WORK ITEM
All that is wanted is the line with "显微镜下:子宫内膜及浅肌层的" and each line after it to the end of the data below, set down exactly and without pictures.
DATA RECORDS below:
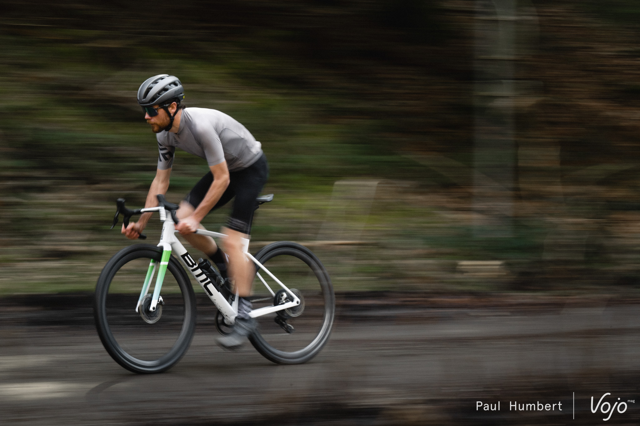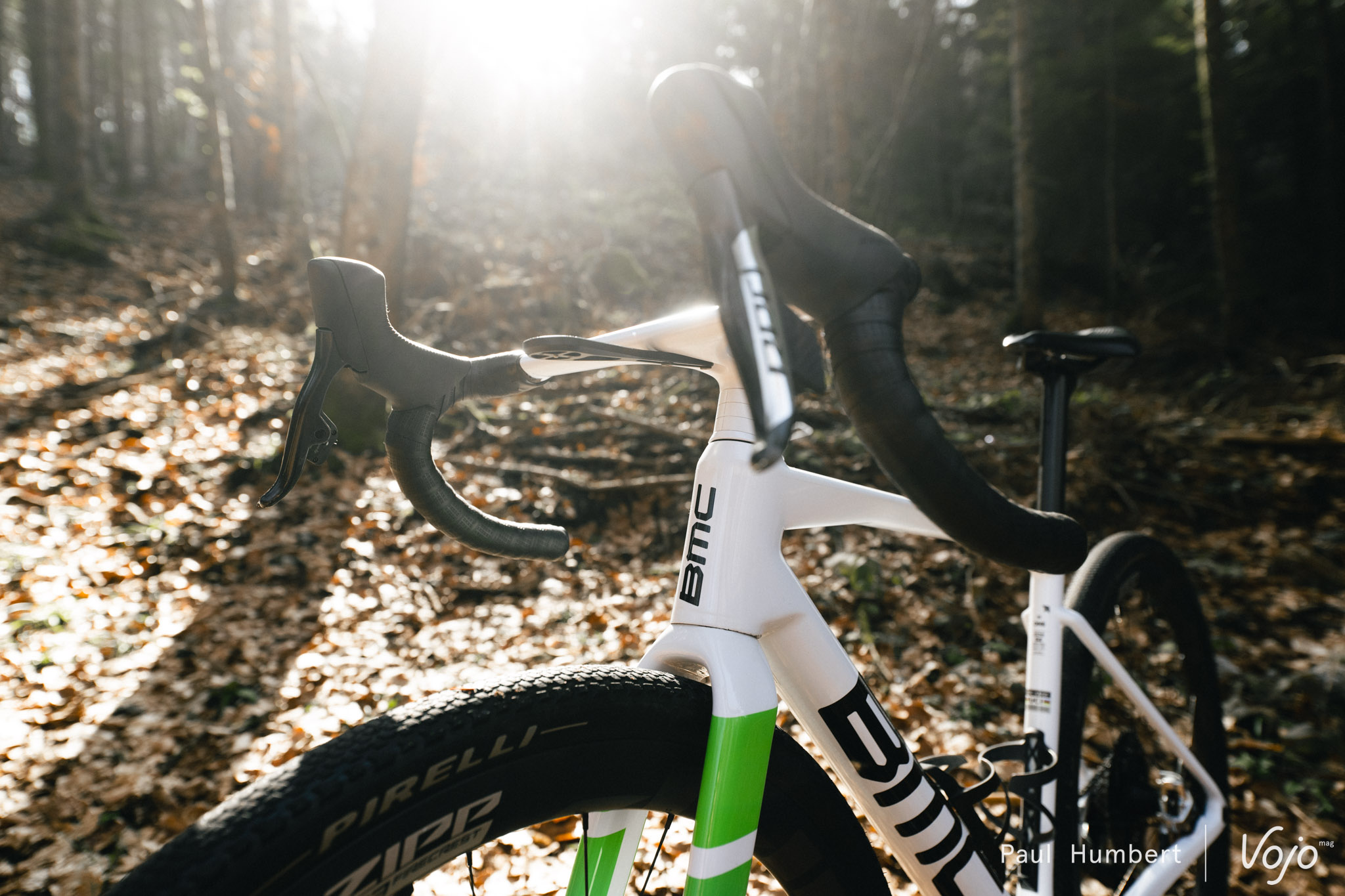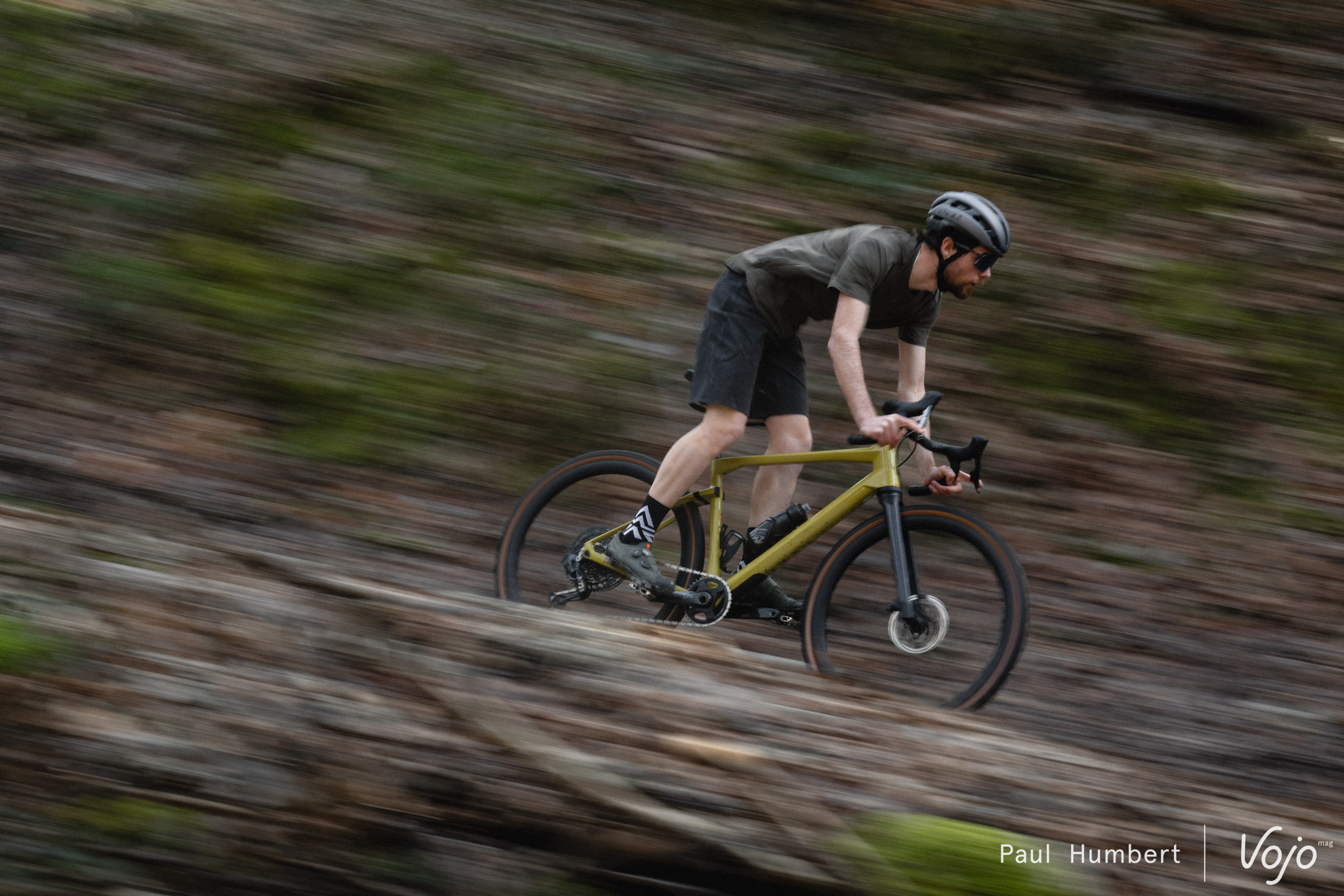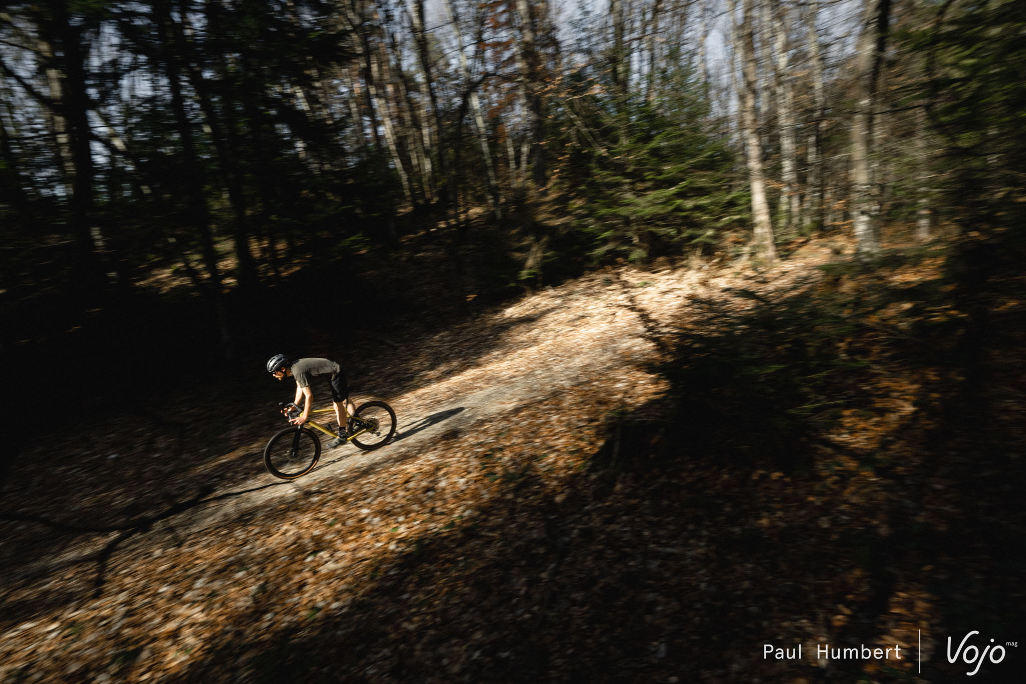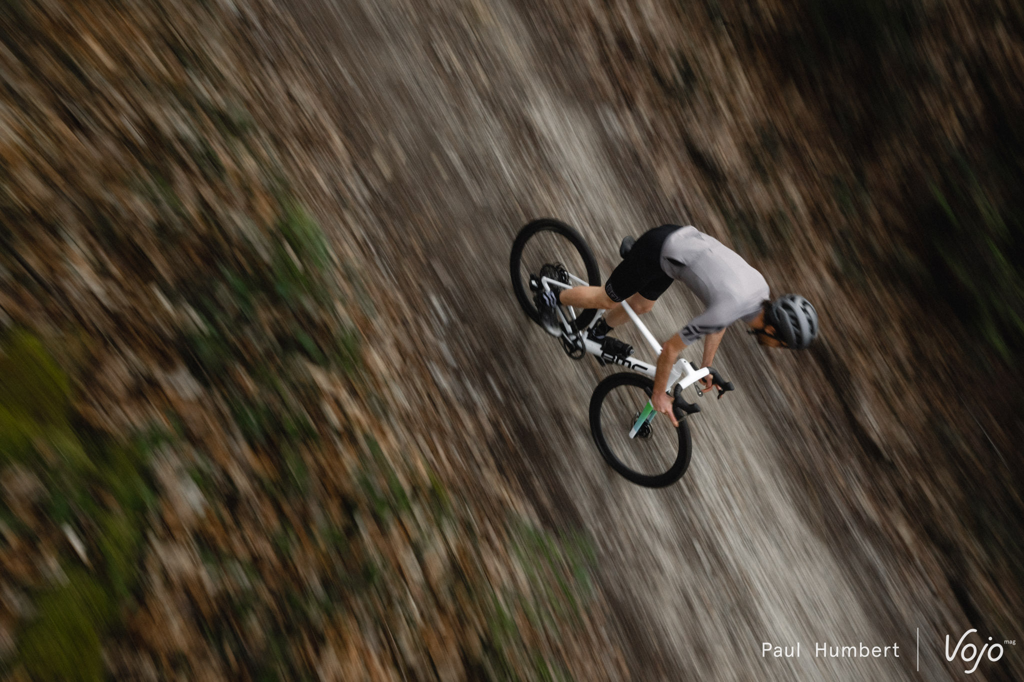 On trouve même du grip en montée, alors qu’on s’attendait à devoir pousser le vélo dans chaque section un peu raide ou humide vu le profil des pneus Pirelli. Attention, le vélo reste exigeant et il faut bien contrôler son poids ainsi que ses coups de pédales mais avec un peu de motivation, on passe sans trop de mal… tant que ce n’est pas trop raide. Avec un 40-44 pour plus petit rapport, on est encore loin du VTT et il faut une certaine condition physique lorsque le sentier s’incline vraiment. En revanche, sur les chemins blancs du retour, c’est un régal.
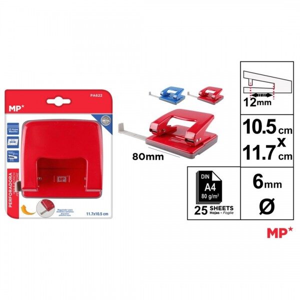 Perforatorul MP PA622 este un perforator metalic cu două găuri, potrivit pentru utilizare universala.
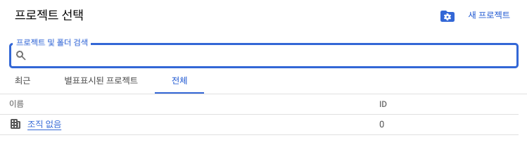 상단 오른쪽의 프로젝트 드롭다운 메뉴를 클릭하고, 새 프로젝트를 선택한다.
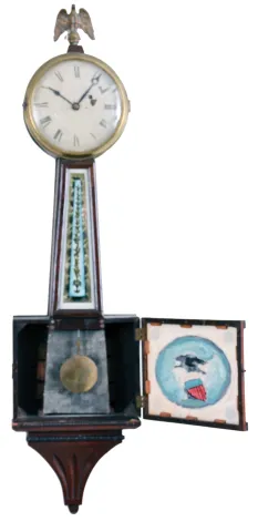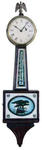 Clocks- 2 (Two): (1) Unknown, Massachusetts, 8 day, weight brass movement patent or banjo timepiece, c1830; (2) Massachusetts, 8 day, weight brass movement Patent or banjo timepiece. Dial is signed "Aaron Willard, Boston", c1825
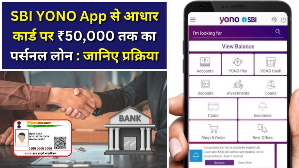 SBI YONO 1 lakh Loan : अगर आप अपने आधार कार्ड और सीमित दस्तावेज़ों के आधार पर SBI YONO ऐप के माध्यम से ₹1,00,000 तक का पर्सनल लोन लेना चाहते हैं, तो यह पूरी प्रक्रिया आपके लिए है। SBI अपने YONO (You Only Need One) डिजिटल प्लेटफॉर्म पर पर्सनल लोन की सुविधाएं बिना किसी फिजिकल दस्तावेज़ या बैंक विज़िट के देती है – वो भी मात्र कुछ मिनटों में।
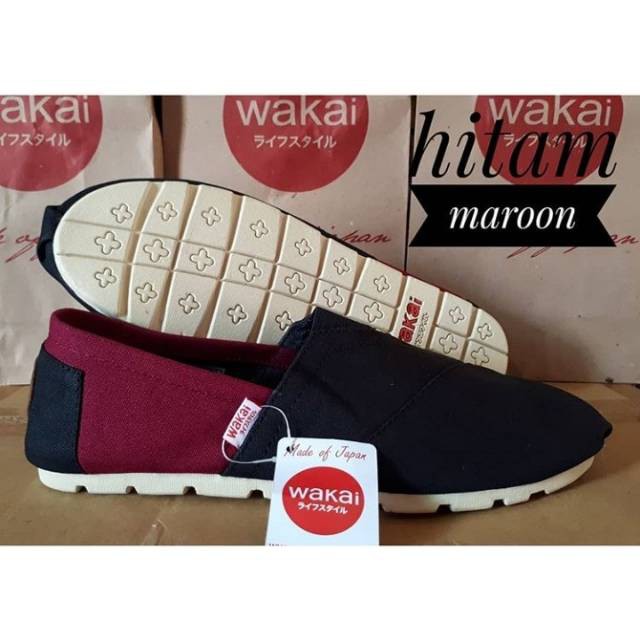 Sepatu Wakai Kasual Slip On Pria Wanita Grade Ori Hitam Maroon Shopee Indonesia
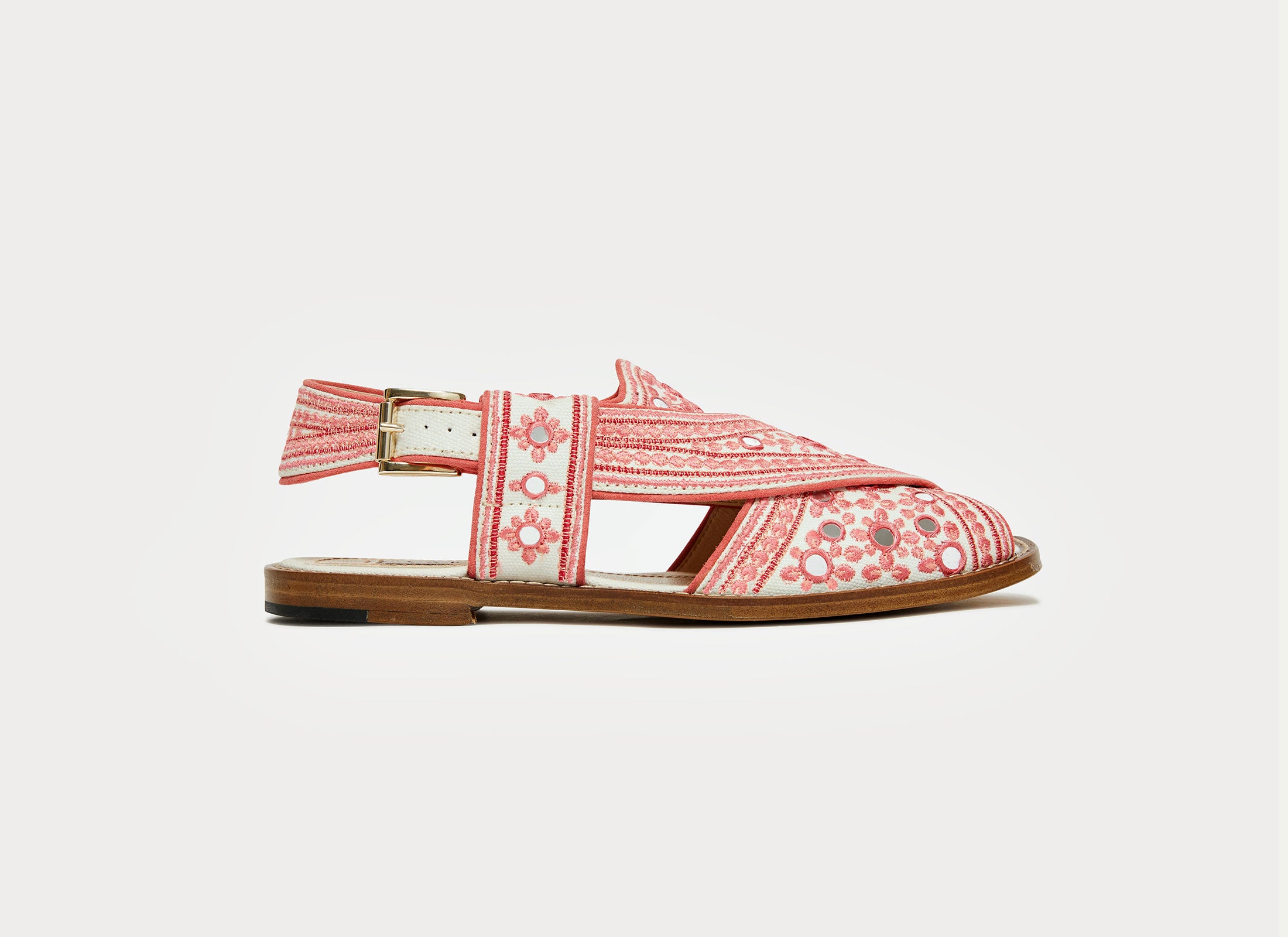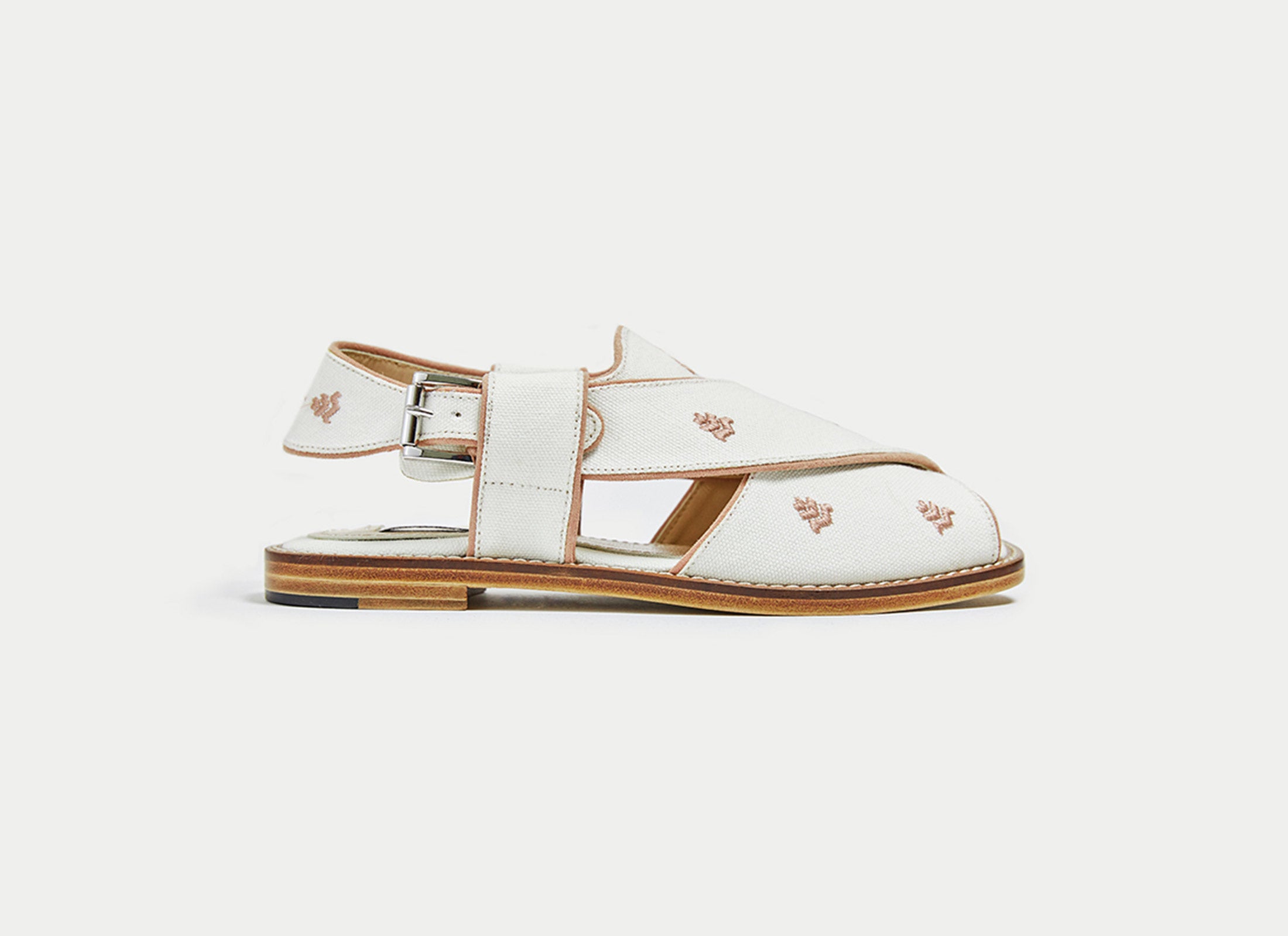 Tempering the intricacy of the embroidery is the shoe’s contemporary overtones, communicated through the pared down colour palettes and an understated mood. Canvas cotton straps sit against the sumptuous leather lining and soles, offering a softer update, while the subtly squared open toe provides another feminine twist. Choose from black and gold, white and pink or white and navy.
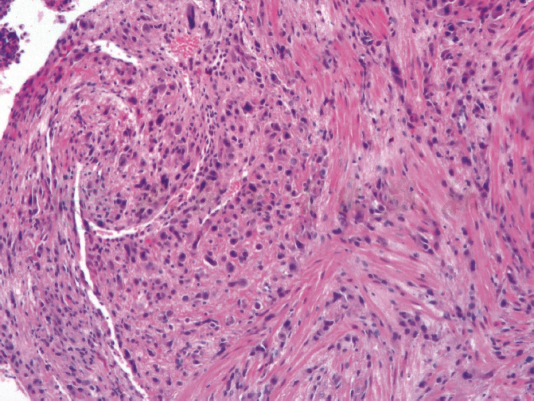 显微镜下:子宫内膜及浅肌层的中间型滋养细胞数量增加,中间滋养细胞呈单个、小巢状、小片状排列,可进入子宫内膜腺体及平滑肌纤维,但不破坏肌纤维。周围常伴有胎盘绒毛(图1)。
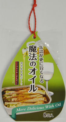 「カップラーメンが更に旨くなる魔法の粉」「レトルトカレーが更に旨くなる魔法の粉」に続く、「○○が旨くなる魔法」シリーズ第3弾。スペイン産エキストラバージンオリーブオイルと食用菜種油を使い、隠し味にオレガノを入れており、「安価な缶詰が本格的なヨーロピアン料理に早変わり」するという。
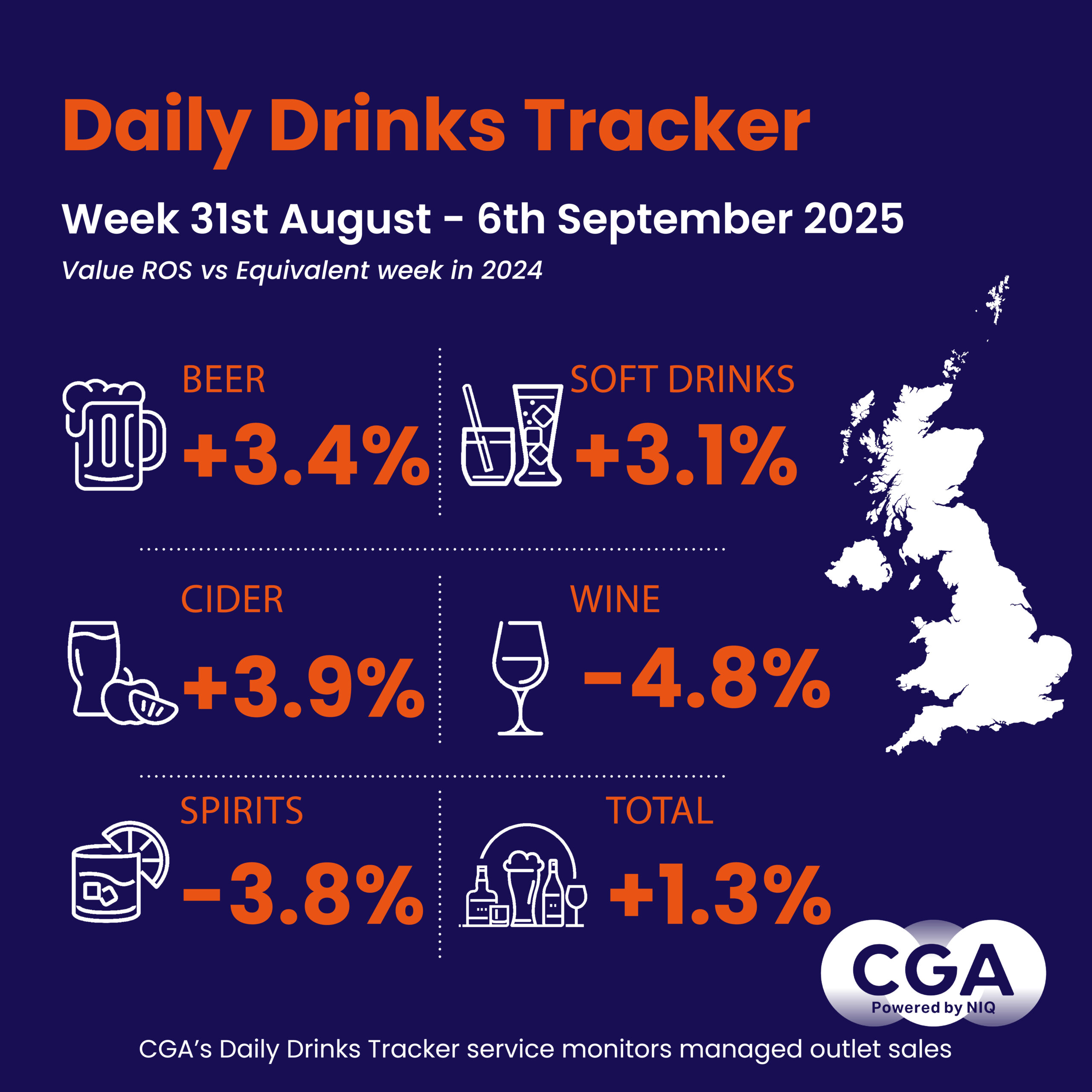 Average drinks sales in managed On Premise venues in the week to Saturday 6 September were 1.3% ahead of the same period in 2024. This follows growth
End of DATA RECORDS.
EXERCISE RESULT
 显微镜下:子宫内膜及浅肌层的中间型滋养细胞数量增加,中间滋养细胞呈单个、小巢状、小片状排列,可进入子宫内膜腺体及平滑肌纤维,但不破坏肌纤维。周围常伴有胎盘绒毛(图1)。
 「カップラーメンが更に旨くなる魔法の粉」「レトルトカレーが更に旨くなる魔法の粉」に続く、「○○が旨くなる魔法」シリーズ第3弾。スペイン産エキストラバージンオリーブオイルと食用菜種油を使い、隠し味にオレガノを入れており、「安価な缶詰が本格的なヨーロピアン料理に早変わり」するという。
 Average drinks sales in managed On Premise venues in the week to Saturday 6 September were 1.3% ahead of the same period in 2024. This follows growth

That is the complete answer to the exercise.